4 ways to help your patients trust treatment by a resident
Friday, March 30, 2018
Put yourself in your patient's position: You're in your hospital bed, awaiting the doctor's arrival for your initial workup. But hold on. The white-coated young man who comes into the room couldn't have a medical license — he barely looks old enough to have a driver's license.
Yet, of course, he is a doctor — a resident under your supervision, to be exact. Your patient expresses to you that he's extremely stressed out at the thought of this newbie physician handling his care. You want your patient to relax and trust that your resident isn't going to drop the ball. So how do you achieve this goal?
Easy. You reassure your patient that although it's understandable to worry about the experience and competence of newly minted MD in a hospital setting, the reality is that medical residents can provide safe, excellent care.

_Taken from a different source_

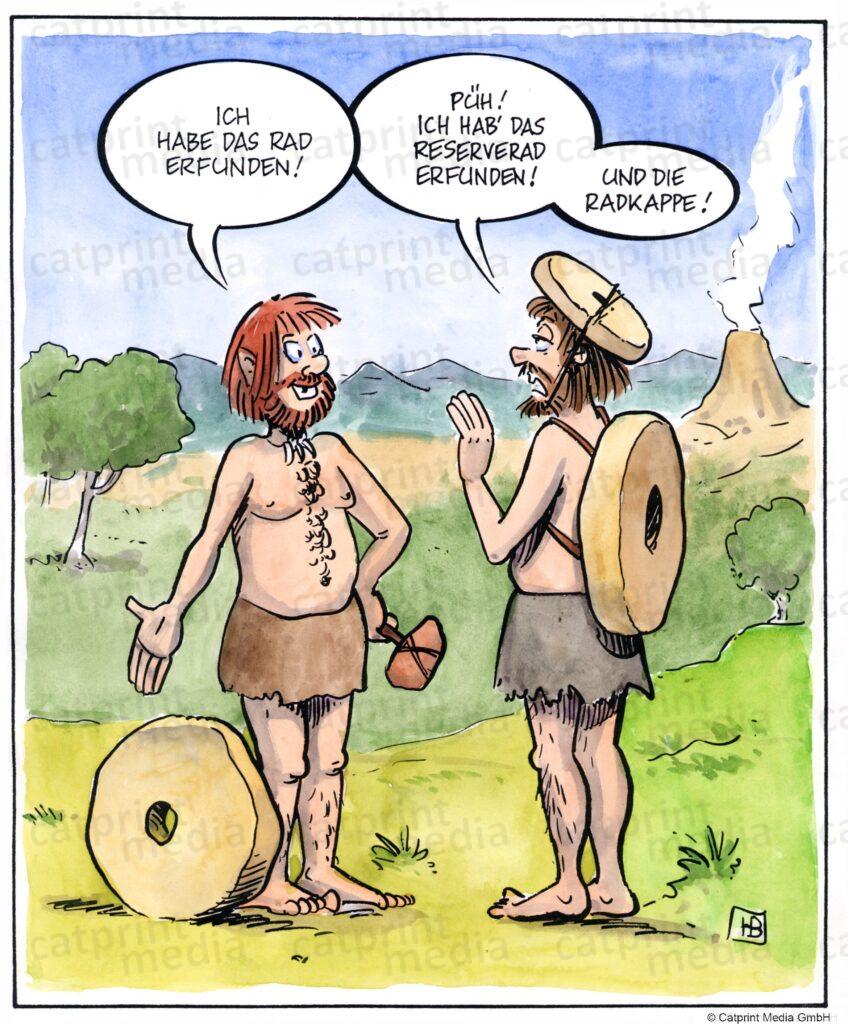 Zwei Männer, aus der Steinzeit, unterhalten sich über ihre neuesten Erfindungen. Der eine von ihnen, der das Rad erfunden hat, hat ein Rad aus Stein neben sich stehen. Der andere, der das Reserverad und die Radkappe erfunden hat, trägt ein Rad auf dem Rüc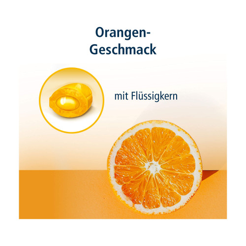 lsomalt, Maltitsirup, Zitronensäure, Orangen-Aroma, Konzentrat aus Rettich, Apfel und Schwarze Johannisbeere, Sucralose, Saflorkonzentrat, Menthol, Lecithin, Kräuter-Aroma.

Here are five key points you can share with your patient as to why being treated by a resident can really benefit his health. Clearly emphasize the following:
1. Residents are the most informed when it comes to cutting-edge treatments
At a teaching hospital, residents are required to read and look up medical info nonstop. They constantly research the development of new treatments — often much more in depth than their busy supervising physicians have time to do — and then discuss these fresh procedures with their higher-ups. So the knowledge a resident can provide in any patient's case can be significant.

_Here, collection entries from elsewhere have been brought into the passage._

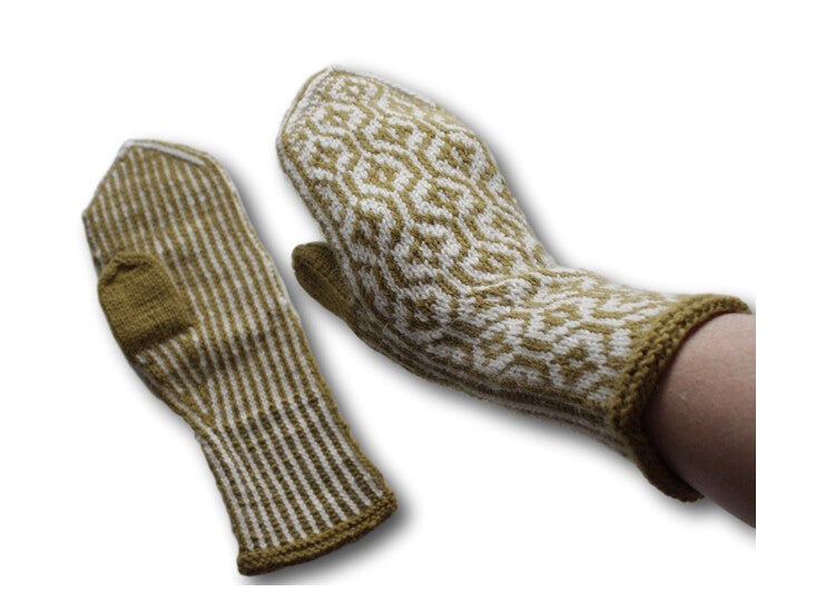 Flotte mønstervotter i et mønster som er både klassisk og morsom å strikke. Vantene passer til normal damehånd og de sitter godt på hånden. Til disse trenger du 1 nøste av hver farge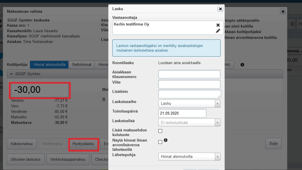 - Klikkaa Tallenna. Jos osa alkuperäisestä kuitista oli maksettu lasku-maksutavalla ja haluat palauttaa myös sen summan asiakkaalle, klikkaa Hyvityslasku-painiketta ja luo asiakkaalle hyvityslasku haluamillasi tiedoilla: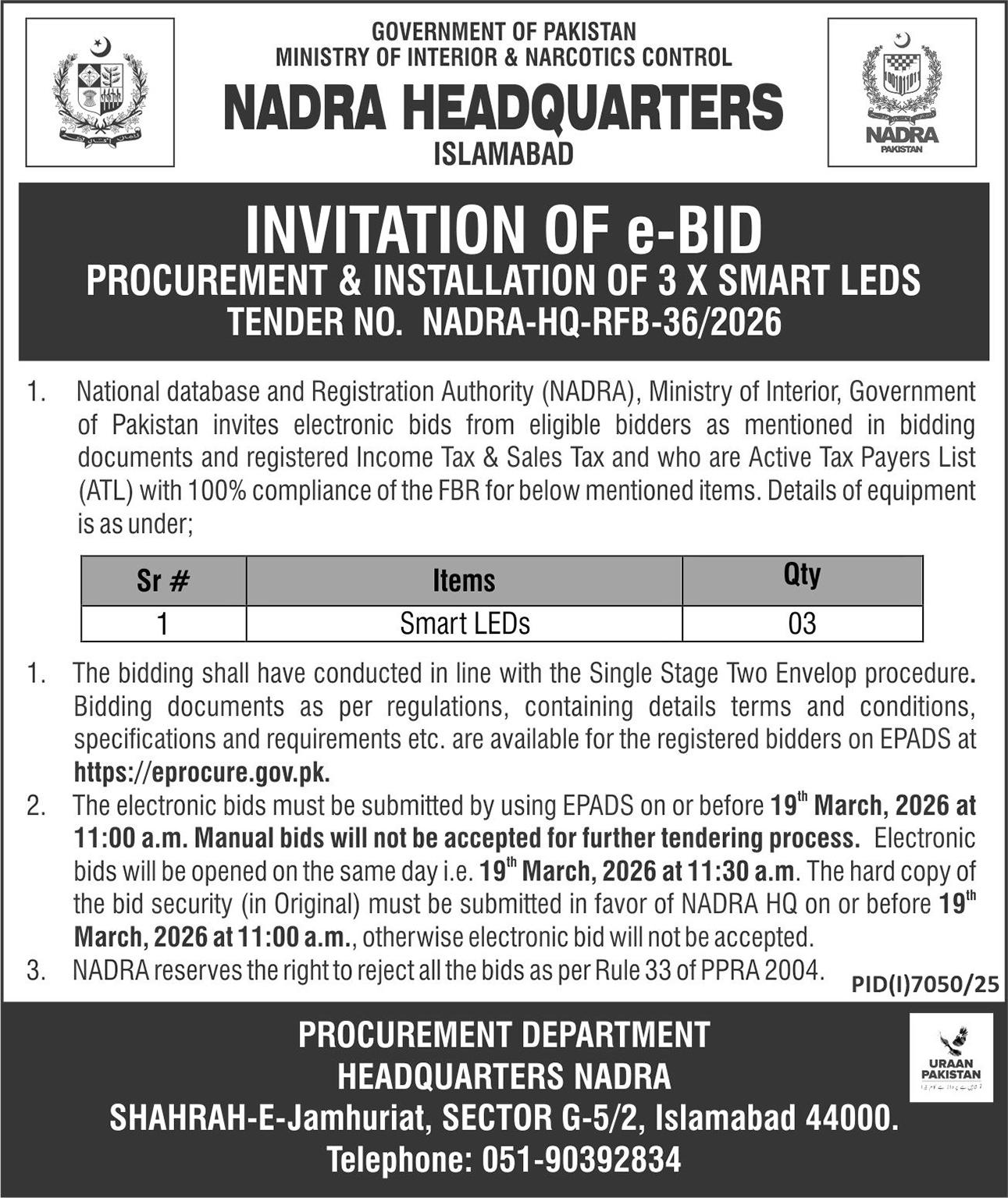 Ministry of Interior NADRA HQ Islamabad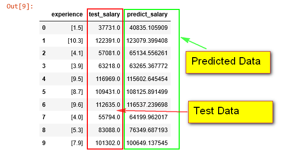 df_sample = pd.DataFrame({'experience': X_test.tolist(), 'test_salary': y_test, 'predict_salary': y_pred})

Note: Even for an experienced hospitalist, it can be helpful to review the duties of a resident in layman's terms before outlining them to a patient, if you choose to do so in detail. The Mayo Clinic offers this helpful outline of an internal medicine resident's task list.

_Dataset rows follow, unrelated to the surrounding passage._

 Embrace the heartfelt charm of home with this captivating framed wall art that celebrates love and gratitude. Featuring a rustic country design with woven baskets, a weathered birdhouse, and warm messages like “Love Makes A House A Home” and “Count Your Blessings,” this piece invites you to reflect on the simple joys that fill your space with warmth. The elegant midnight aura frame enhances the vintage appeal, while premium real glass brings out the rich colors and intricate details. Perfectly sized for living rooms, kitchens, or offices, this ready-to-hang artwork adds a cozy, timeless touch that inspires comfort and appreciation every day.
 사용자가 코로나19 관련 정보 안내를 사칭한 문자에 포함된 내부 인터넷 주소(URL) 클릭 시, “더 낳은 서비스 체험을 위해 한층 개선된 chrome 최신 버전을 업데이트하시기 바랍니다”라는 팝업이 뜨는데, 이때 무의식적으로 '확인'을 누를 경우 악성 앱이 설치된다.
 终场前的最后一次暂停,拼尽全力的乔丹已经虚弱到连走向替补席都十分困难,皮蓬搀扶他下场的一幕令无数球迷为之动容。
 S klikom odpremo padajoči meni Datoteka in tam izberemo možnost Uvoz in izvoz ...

2. Residents pay careful attention to you
Explain to your patient that In doing that initial workup, she'll notice that a resident asks lots of focused questions, and spends more time listening to you than the top doctor on your team will do during rounds. Residents are not only taught to gather every important detail they can while interacting with you, they're naturally inquisitive most of the time, and have been freshly taught to think using academic methodology — they dot I's and cross T's as a way of life.
A good resident will pay similar close attention while doing a procedure on you. Here's a great overview of how an IM resident specifically learns via Johns Hopkins factsheet — you might want to share it with an apprehensive patient.
3. Residents are closely supervised
Your patient may have heard about the "July effect" — the premise in which more patients die in hospitals in that month because new interns are flooding into teaching hospitals as more experienced residents leave. If he or she is a summer admission, this may be a significant worry.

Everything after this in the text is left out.